Let's say that you would like to generate bindings for the 2D/3D Kernel and 2D Arrangements packages of CGAL, and in particular for the following:

• Kernel, and
• CGAL::Arrangement<GeometryTraits, Dcel>

where,

• Kernel is CGAL::Exact_predicate_exact_construction_kernel,
• GeometryTraits is CGAL::Arr_segment_traits_2<Kernel>, and
• Dcel is the default DCEL.

If you install CGAL from sources, don't forget to set the environment variable CGAL_DIR to point at the CGAL build directory. Let the environment variable CGALPY_SRC_DIR point at the root of the local clone. Create a build directory and go there. Assuming you have all dependencies installed, type:

cmake -C <CGALPY_SRC_DIR>/cmake/tests/release/aos2_epec_fixed_release.cmake <CGALPY_SRC_DIR>
make -j4
pip install src/libs/cgalpy/dist/CGALPY-1.0.0-cp38-cp38-linux_x86_64.whl

Then, you should be able to execute the program <CGALPY_SRC_DIR>/src/python_scripts/cgalpy_examples/aos2.py, where <CGALPY_SRC_DIR> is the root of your clone..

The cmake script <CGALPY_SRC_DIR>/cmake/tests/release/aos2_epec_fixed_release.cmake sets the flags that are needed for the generation of bindings used in the Python script <CGALPY_SRC_DIR>/src/python_scripts/cgalpy_examples/aos2.py. Additional python programs that exploit the bindings reside under <CGALPY_SRC_DIR>/src/python_scripts. Naturally, different bindings are needed for different Python scripts.

Notes

1. The name of the generated whl file is platform dependant.
2. If you are operating in a conda virtual environment on Window, set the environment variable CONDA_DLL_SEARCH_MODIFICATION_ENABLE to 1 apriori.

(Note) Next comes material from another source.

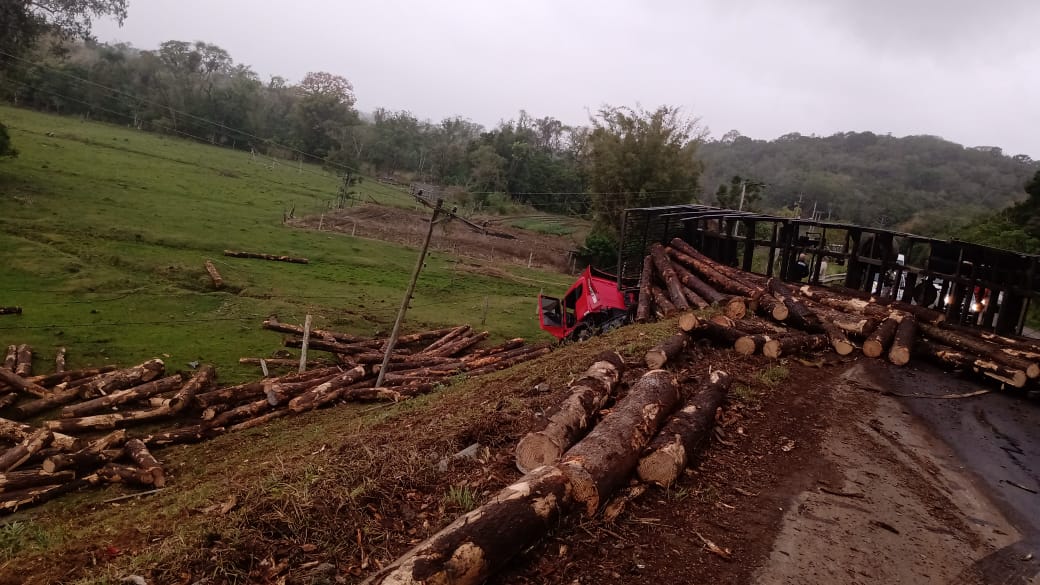 A carga de madeira ficou sobre parte da pista, deixando o trânsito parado.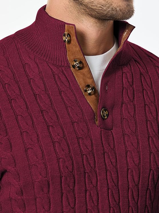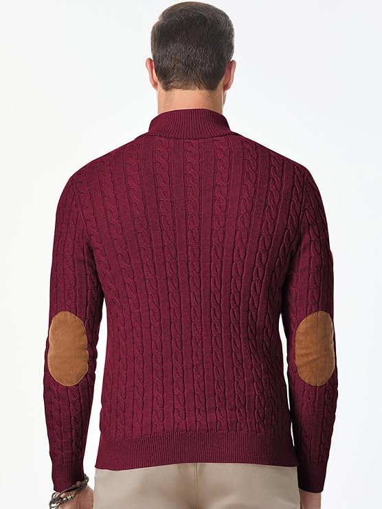 Unique Design: Casual sweater for men features button-up neck, stand collar, chunky warm, basic simple design. The collar and elbows are accented with suede patches, and it includes high-quality button closures.

3. If you are not operating in a virtual environment, consider installing as user:

   pip install --user src/libs/cgalpy/dist/CGALPY-1.0.0-cp38-cp38-linux_x86_64.whl
   

4. If you repeat the installation, don't forget to force overidding the new bindings:

   pip install --user --force-reinstall src/libs/cgalpy/dist/CGALPY-1.0.0-cp38-cp38-linux_x86_64.whl
   

Additional Targets

At some point you will need bindings for additional instances (I assume); see Section CGAL Bindings for the relevant instructions.

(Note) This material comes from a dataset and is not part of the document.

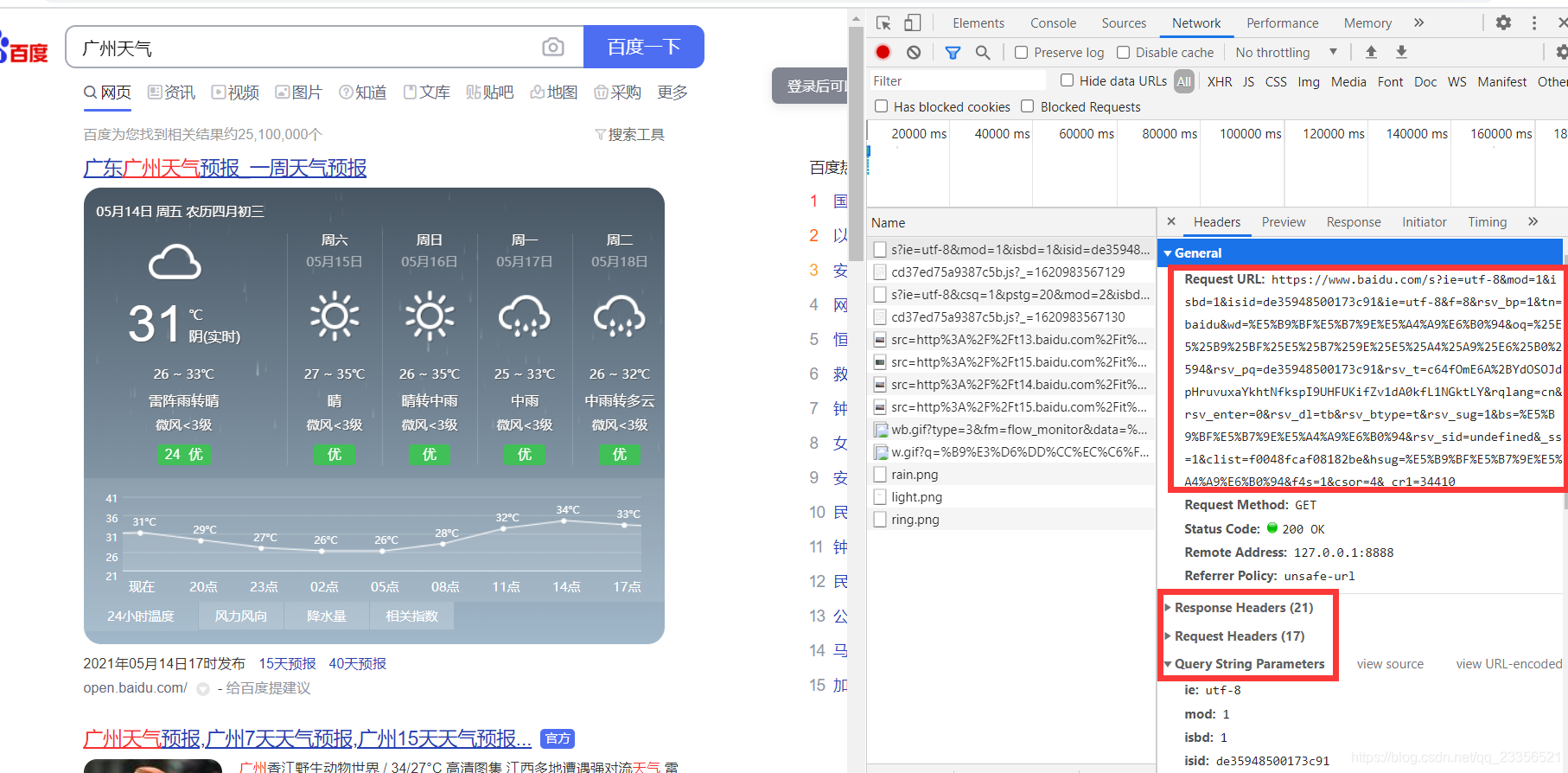 1.浏览器抓包,以百度搜索【广州天气】为例:

If you are a developer and would like to build the cpp documentation, type:

make CGALPY_CPP_DOC

If you would like to build the Python documentation, type:

make CGALPY_DOC

The Python html manual pages are generated under src/libs/cgalpy/CGALPY/build/html/. The pdf single file is generated under src/libs/cgalpy/CGALPY/build/latex/.

Observe that the CGALPY prefix in the target of the above make is the binding library based name; this name can be different then CGALPY, and depends on your selections; see Section CGAL Bindings.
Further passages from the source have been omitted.